After Jeremiah’s martyrdom at Tahpanhes around 570 B.C., his body was buried in Egypt. The local community of Egyptian Christians, in subsequent centuries, venerated his tomb. According to the tradition preserved in the Orthodox synaxarion, when Alexander the Great conquered Egypt approximately 250 years later (in 332 B.C.), he was deeply moved by the stories of the prophet who had killed crocodiles by his prayers and who had warned the Jewish community of the coming Babylonian invasion. Alexander founded the new city of Alexandria as the capital of his Egyptian conquest. He ordered the relics of the prophet Jeremiah transferred from Tahpanhes to the new city as protective relics. The tradition holds that the relics were placed at four points around the city, protecting it from invasion, from disease, and from the various forms of catastrophe that struck other ancient cities of the Mediterranean. Alexandria itself, founded over the relics of Jeremiah, became one of the most important cities of the ancient world: the supreme center of Hellenistic learning, the home of the great Library, the birthplace of the Septuagint translation of the Old Testament (which is the version of the Old Testament that the Orthodox Church has used since the apostolic age), and one of the supreme cities of early Christianity (Saint Mark the Evangelist established the Christian Church there in the first century). The continuing veneration of Jeremiah at Alexandria across the entire Hellenistic and early Christian period has shaped the Orthodox tradition’s understanding of the protective intercession of the saints across centuries. The same prophet who was rejected by his own countrymen and stoned to death in his own lifetime continues to intercede across the centuries for cities, communities, and individual souls that have venerated his memory. His prayers have surrounded the Church for nearly three thousand years.

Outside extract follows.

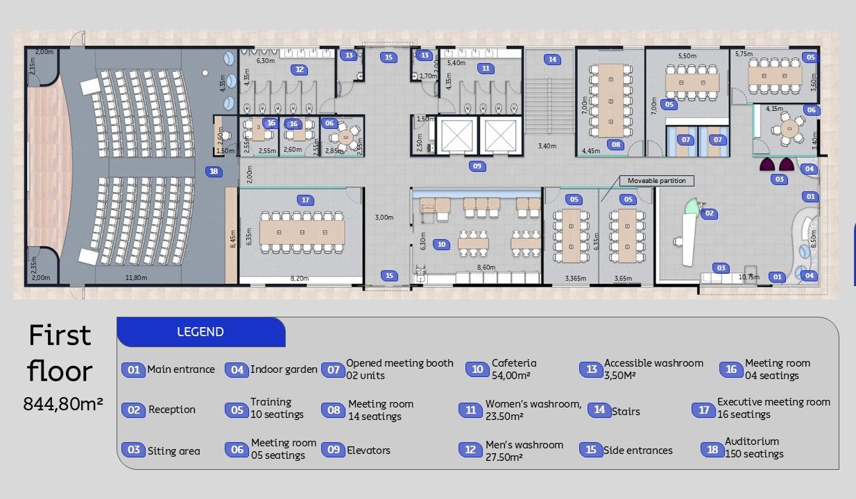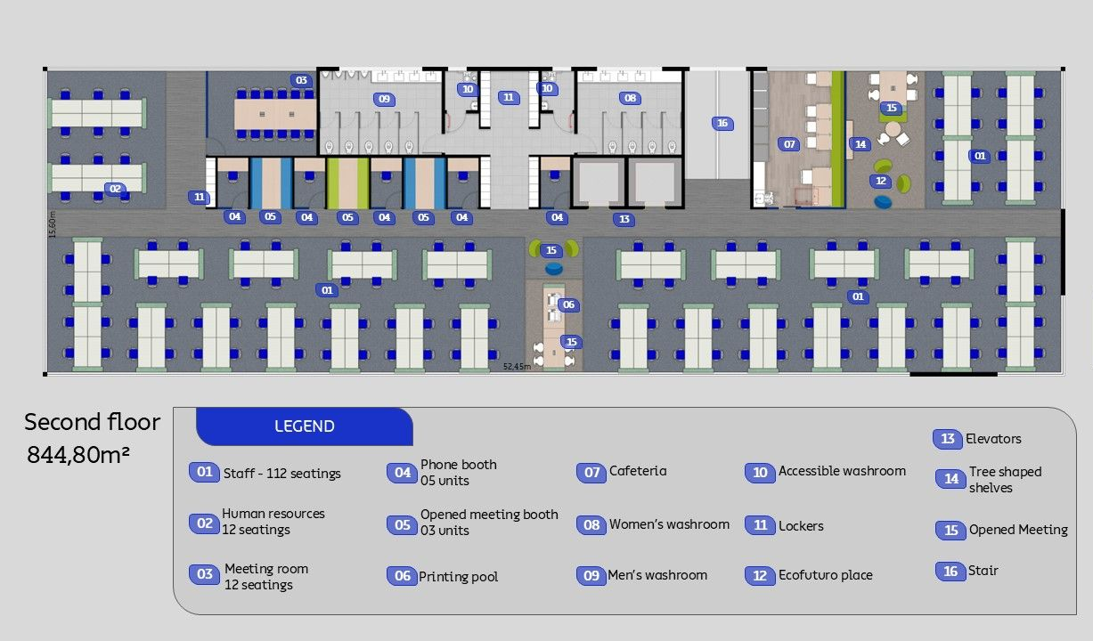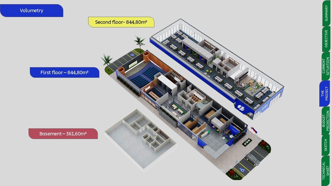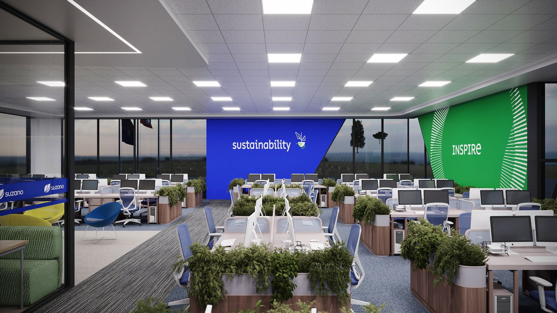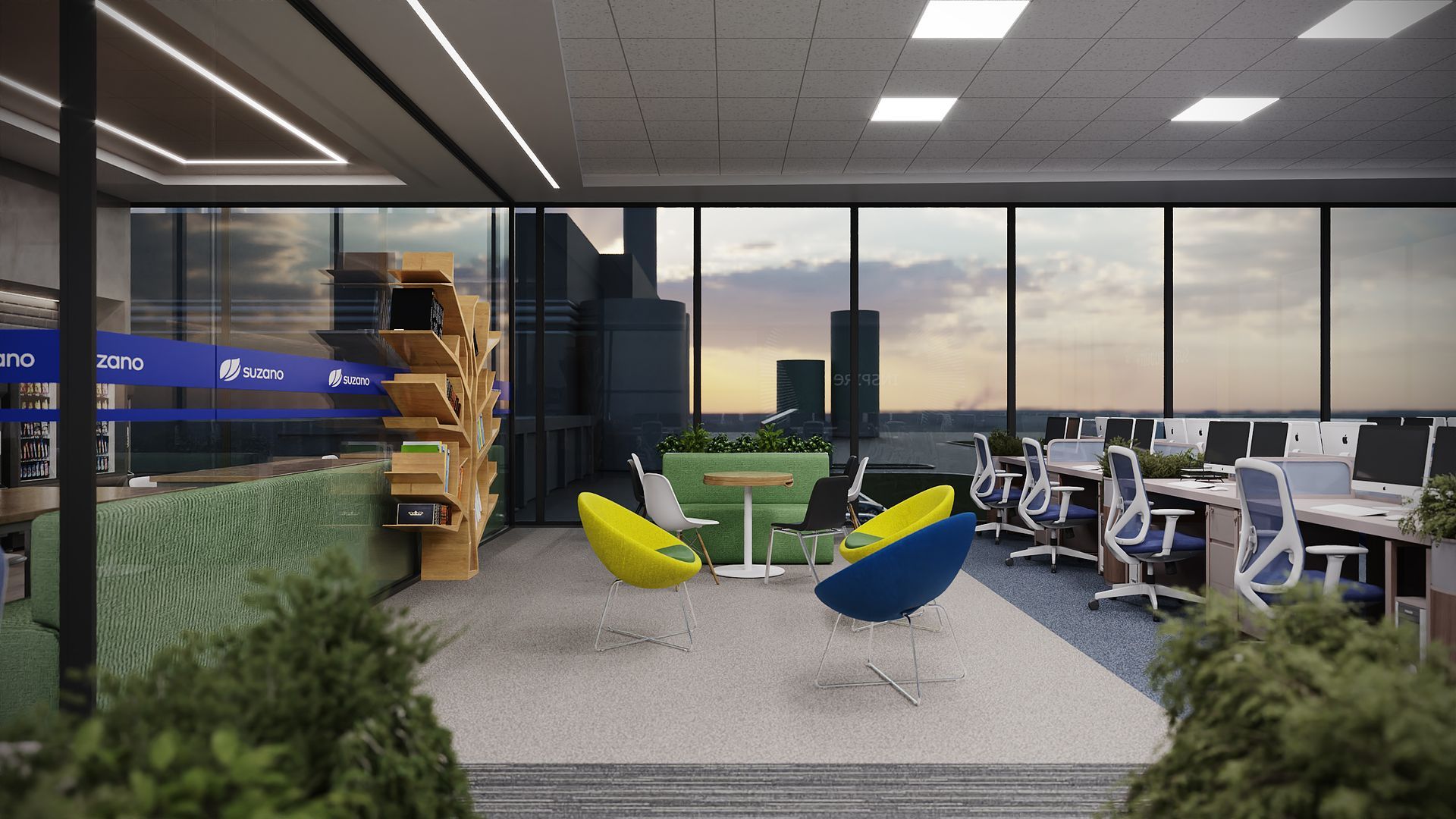Projeto de arquitetura conceitual para o novo prédio administrativo da Suzano, com objetivo de acomodar 150 funcionários. Considerando todas as áreas de apoio, tais como: auditório, salas de treinamento, salas de reunião, cafeteria, banheiros e áreas comuns. Seguindo as normas de acessibilidade vigentes.

Jeremiah matters to every Orthodox Christian for many reasons. He is the supreme example of prophetic faithfulness through to the bitter end. He prophesied for over forty years through the slow collapse of the kingdom of Judah. He was rejected by kings, princes, false prophets, religious leaders, and finally by the very people whose welfare he had spent his life trying to secure. He was thrown into a slimy pit and left to die. He was forced into Egypt against his will. He was finally stoned to death by his own countrymen. Through all of it he wept. He wept for the city he loved. He wept for the Temple that was burned. He wept for the children carried into captivity. He has been called the Weeping Prophet for two thousand years because he is the supreme Old Testament icon of the suffering heart of authentic prophetic ministry. He is also the supreme prophet of the New Covenant. In the middle of the destruction, surrounded by ruins, he prophesied that the Lord would establish a new covenant with His people — not on stone tablets but on the human heart. The New Testament takes its very name from his prophecy. Every Eucharistic celebration in the Orthodox tradition fulfills the vision he saw in the depths of his suffering. He is the friend of every soul that has ever wept for a city, a community, or a beloved that would not turn back. He is the friend of every Christian who has felt the divine grief over the unfaithfulness of a generation. He is the friend of every soul that has ever discovered, in the middle of catastrophe, that the Lord’s mercies are new every morning and that His compassions never fail.